2. There was essentially no difference between the "12+12" arm and the "24+24" arm. (Both arms were superior to the control arm with a p-value <0.001.)
3. Because the "12+12" arm performed as well as the "24+24" arm, the regimen eventually approved by the FDA is likely to be "12+12" for patients who experience a "durable RVR" (undetectable virus at week 4 and week 12) and "24+24" for patients who do not experience a durable RVR. (This "split" regimen in which treatment duration depends on RVR seems to be where all treatment PI-based protocols are heading in both the first- and second-line settings.)

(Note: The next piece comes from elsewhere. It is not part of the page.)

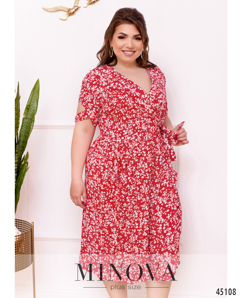 Стильное и яркое платье с цветочным принтом, на запАх, завязывается с помощью ленты, которая продевается в отверстие на талии. Изюминками платья станут отвороты в области декольте, имитирующие лацканы воротника, декоративные вырезы на рукавах и удобные накладные карманы по бокам.

4. Only one patient out of 60 in the "12+12" arm who achieved an SVR12 at the interim data reported in June 2008 relapsed between EoT+12 and EoT+24. (VRTX did not report SVR12 data for the "24+24" arm, which would be irrelevant anyhow.)
5. Non-responders in the first line were clearly harder to retreat than relapsers, which is exactly what one would expect. There were too few patients with viral breakthrough in the first line to say anything definitive about them. (Intuitively, they ought to be intermediate between non-responders and relapsers in amenability to retreatment).
6. The $64,000 question:Are these results good enough for the FDA to approve Telaprevir in the second-line setting without waiting for data from phase-3? If it were up to me, the answer would be Yes, but I have no idea what the FDA will actually do.